#### [WHAT IS EXPECTED]
Please, without any pictures, transcribe the lines from the one holding "Проблеми з кількістю" to the end of the listing, both ends included.

DATA BLOCK: Begin

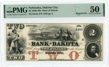 1850s-60s Bank of Dakota Dakota City Nebraska $2 PMG AU 50 (L1029)
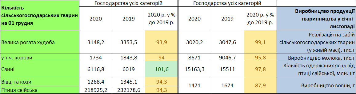 Проблеми з кількістю сільськогосподарських тварин напряму впливають на виробничі показники галузей. Так, за усіма видами виробництва спостерігається спад. Найнижчий зафіксований при реалізації живої маси усіх видів тварин – 0,9 відсотка, а найвищий – у вівчарстві (12,1%). Молока виробляють українські аграрії 8,7 млн тонн при зменшенні у 4,2 відсотки, а яєць 15,1 млрд штук при падінні на 2,2 відсотки.
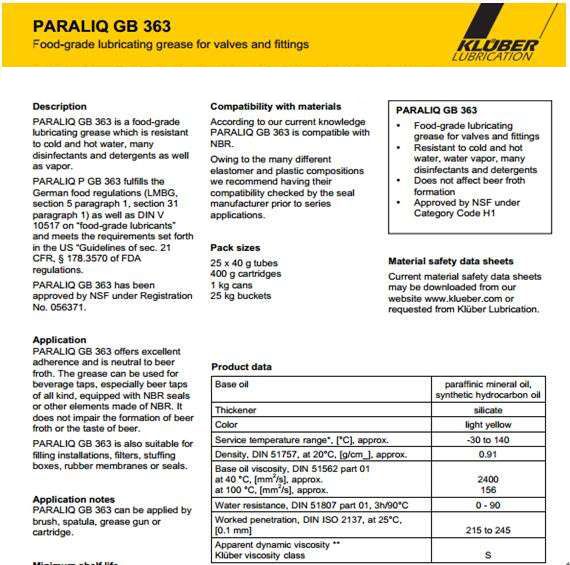 PARALIQ GB 363閥門及配件用食品級潤滑脂具有高附著力和啤酒泡沫是中性的。 它也顯示了良好的抗水和水蒸汽。

DATA BLOCK: End

#### [REPLY]
 Проблеми з кількістю сільськогосподарських тварин напряму впливають на виробничі показники галузей. Так, за усіма видами виробництва спостерігається спад. Найнижчий зафіксований при реалізації живої маси усіх видів тварин – 0,9 відсотка, а найвищий – у вівчарстві (12,1%). Молока виробляють українські аграрії 8,7 млн тонн при зменшенні у 4,2 відсотки, а яєць 15,1 млрд штук при падінні на 2,2 відсотки.
 PARALIQ GB 363閥門及配件用食品級潤滑脂具有高附著力和啤酒泡沫是中性的。 它也顯示了良好的抗水和水蒸汽。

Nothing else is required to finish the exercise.